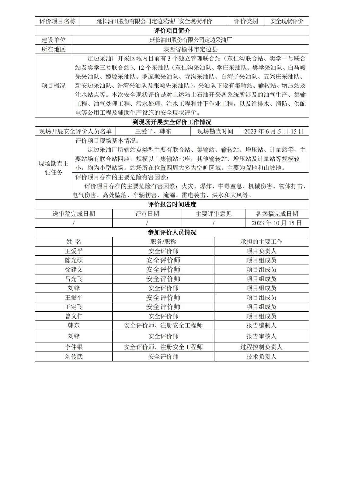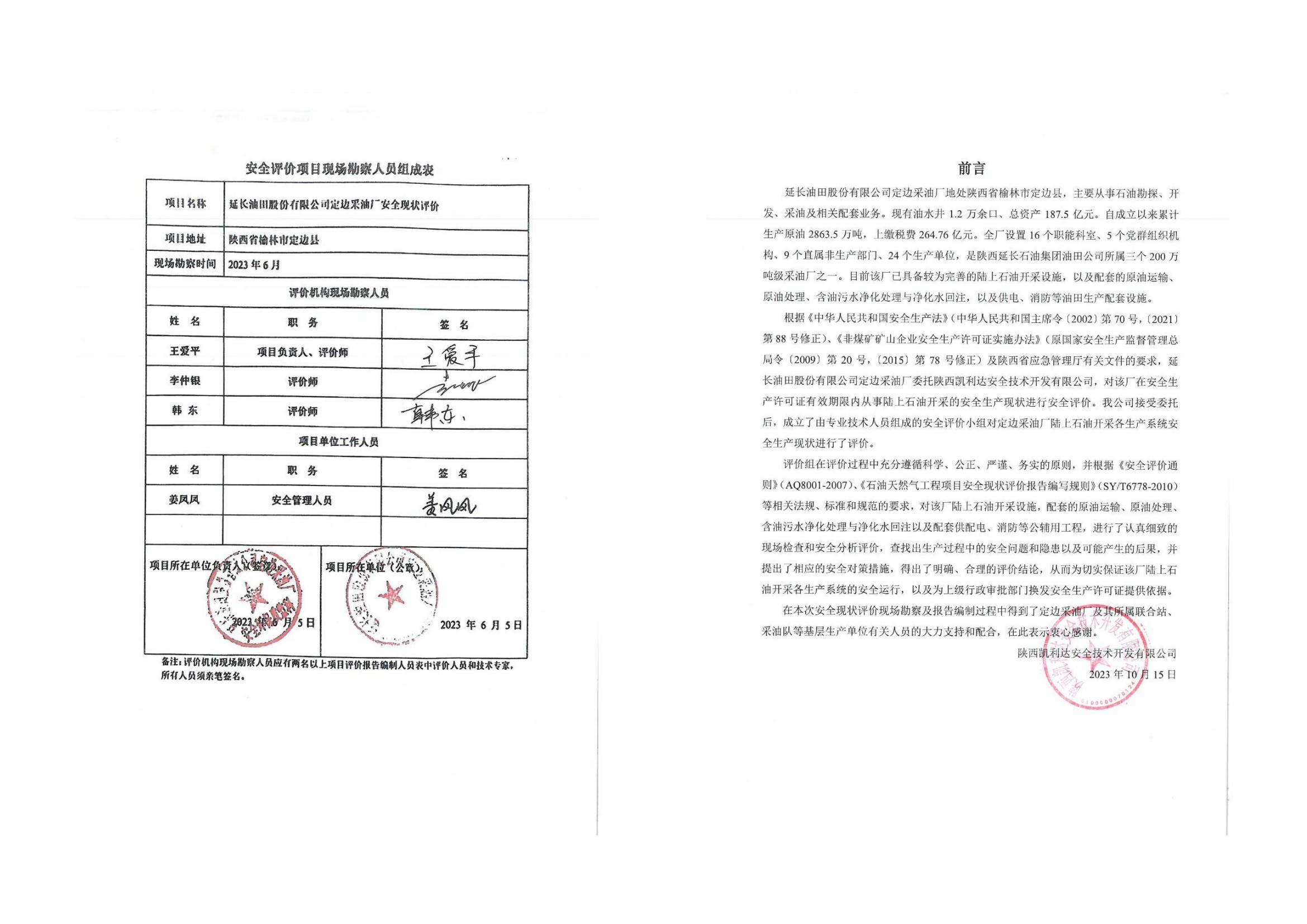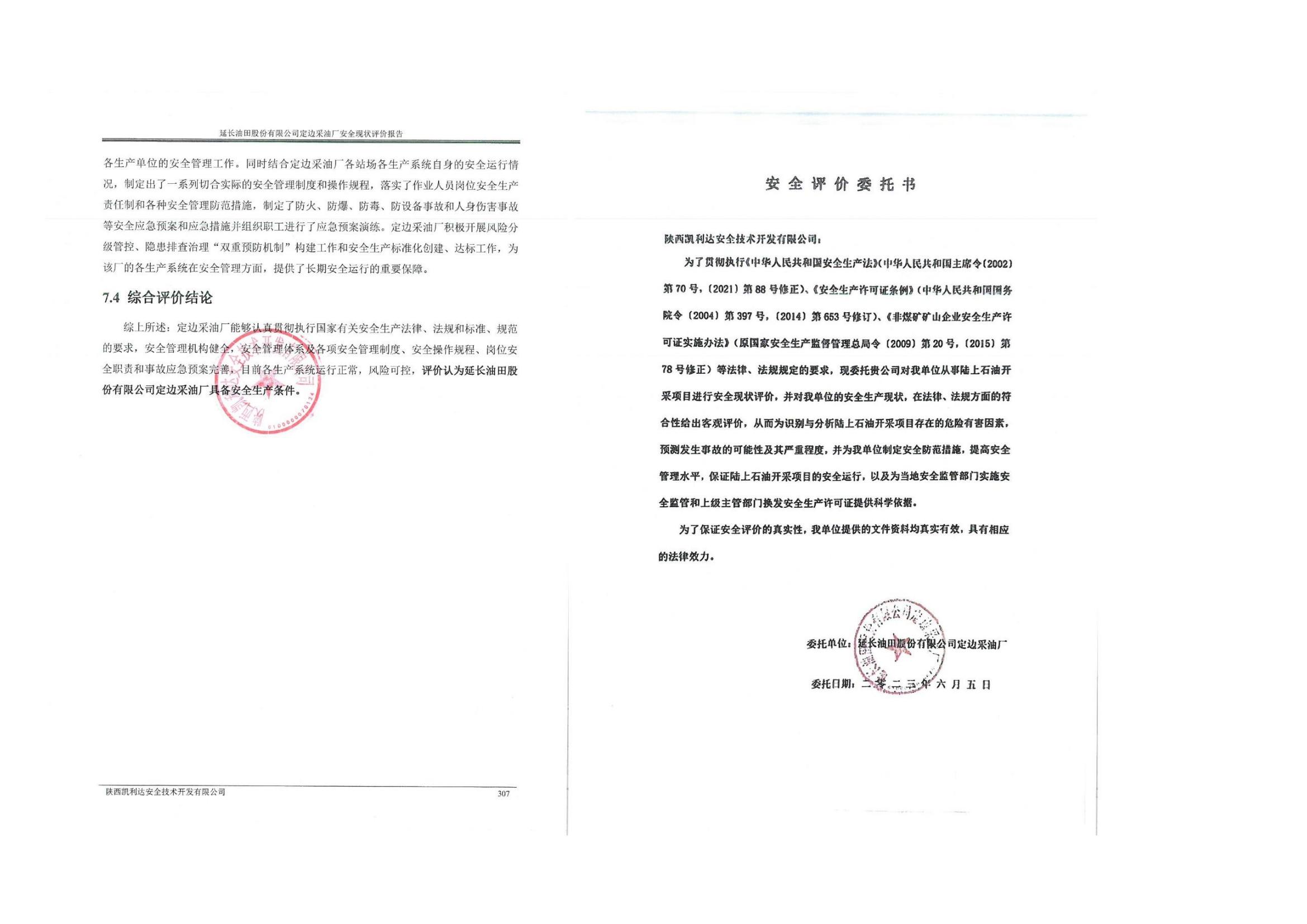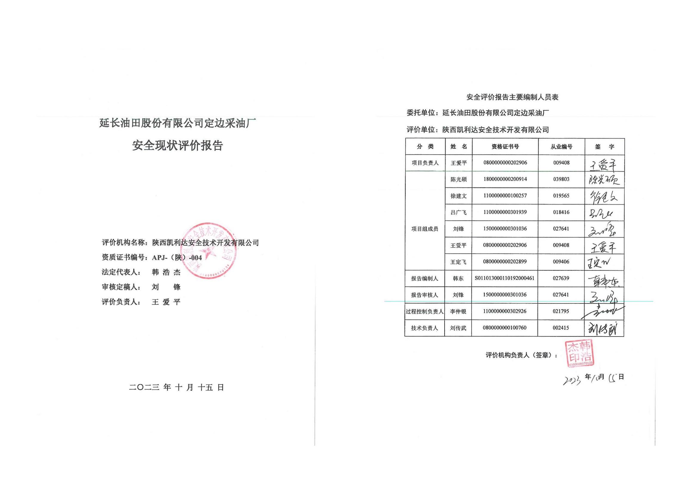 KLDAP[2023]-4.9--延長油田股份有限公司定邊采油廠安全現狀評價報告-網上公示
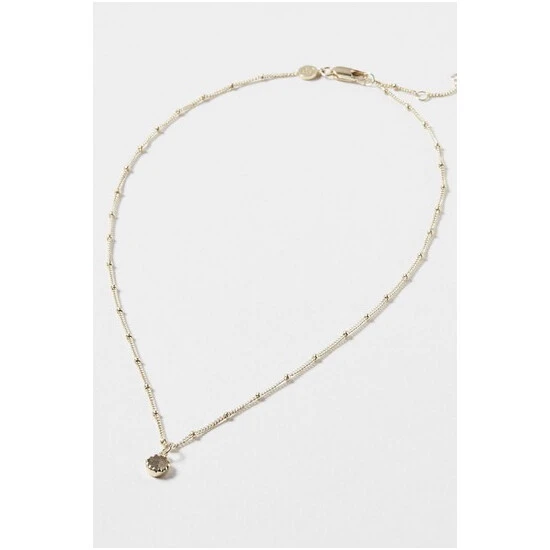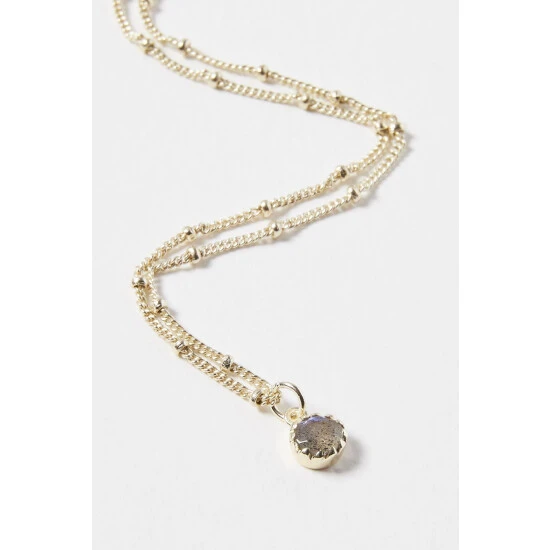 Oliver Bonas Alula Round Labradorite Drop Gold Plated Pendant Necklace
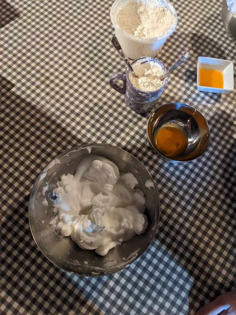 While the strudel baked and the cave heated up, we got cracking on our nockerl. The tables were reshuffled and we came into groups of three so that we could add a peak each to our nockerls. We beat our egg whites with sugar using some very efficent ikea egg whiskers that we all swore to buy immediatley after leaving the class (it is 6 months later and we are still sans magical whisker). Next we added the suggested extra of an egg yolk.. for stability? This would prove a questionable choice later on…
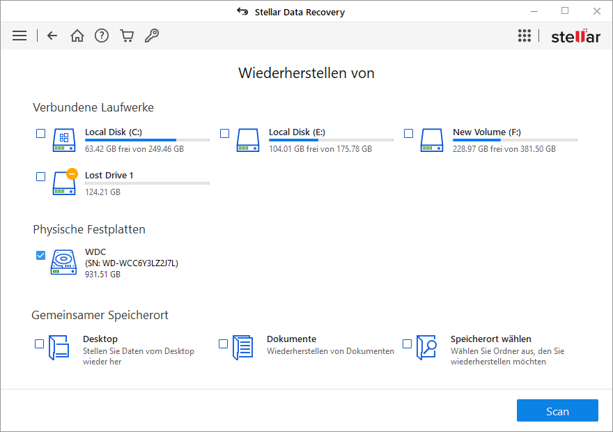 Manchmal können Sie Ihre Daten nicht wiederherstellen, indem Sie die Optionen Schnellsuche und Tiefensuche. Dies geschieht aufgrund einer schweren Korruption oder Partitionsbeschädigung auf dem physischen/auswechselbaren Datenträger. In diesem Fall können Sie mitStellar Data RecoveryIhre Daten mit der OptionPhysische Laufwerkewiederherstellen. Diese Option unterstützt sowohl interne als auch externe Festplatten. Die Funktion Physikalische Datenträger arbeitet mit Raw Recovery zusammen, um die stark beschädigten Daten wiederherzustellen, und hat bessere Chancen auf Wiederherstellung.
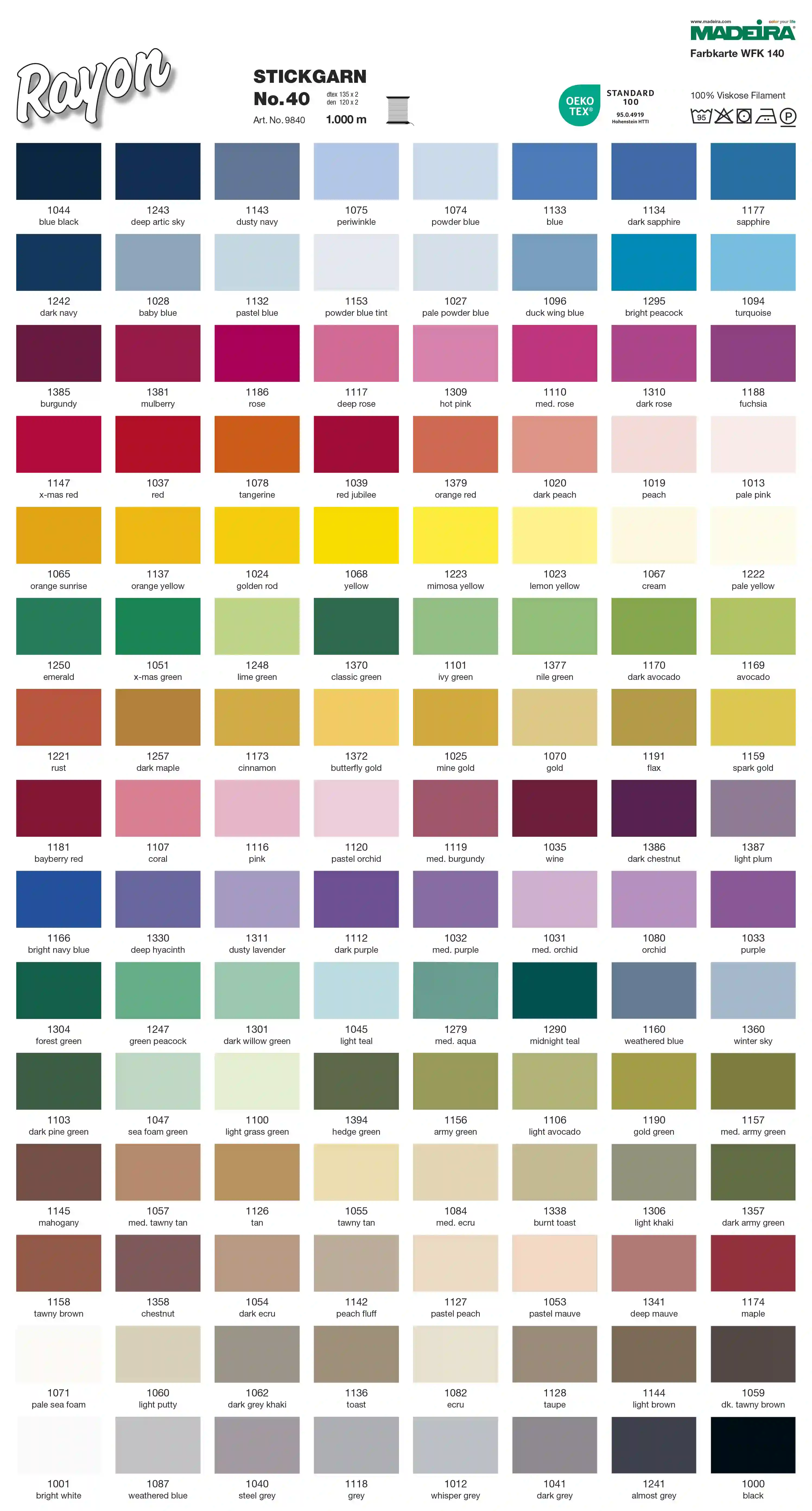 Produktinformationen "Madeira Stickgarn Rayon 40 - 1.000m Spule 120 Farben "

Task directions
Leave out the pictures and copy every record above exactly.

Written response
 KLDAP[2023]-4.9--延長油田股份有限公司定邊采油廠安全現狀評價報告-網上公示
 Oliver Bonas Alula Round Labradorite Drop Gold Plated Pendant Necklace
 While the strudel baked and the cave heated up, we got cracking on our nockerl. The tables were reshuffled and we came into groups of three so that we could add a peak each to our nockerls. We beat our egg whites with sugar using some very efficent ikea egg whiskers that we all swore to buy immediatley after leaving the class (it is 6 months later and we are still sans magical whisker). Next we added the suggested extra of an egg yolk.. for stability? This would prove a questionable choice later on…
 Manchmal können Sie Ihre Daten nicht wiederherstellen, indem Sie die Optionen Schnellsuche und Tiefensuche. Dies geschieht aufgrund einer schweren Korruption oder Partitionsbeschädigung auf dem physischen/auswechselbaren Datenträger. In diesem Fall können Sie mitStellar Data RecoveryIhre Daten mit der OptionPhysische Laufwerkewiederherstellen. Diese Option unterstützt sowohl interne als auch externe Festplatten. Die Funktion Physikalische Datenträger arbeitet mit Raw Recovery zusammen, um die stark beschädigten Daten wiederherzustellen, und hat bessere Chancen auf Wiederherstellung.
 Produktinformationen "Madeira Stickgarn Rayon 40 - 1.000m Spule 120 Farben "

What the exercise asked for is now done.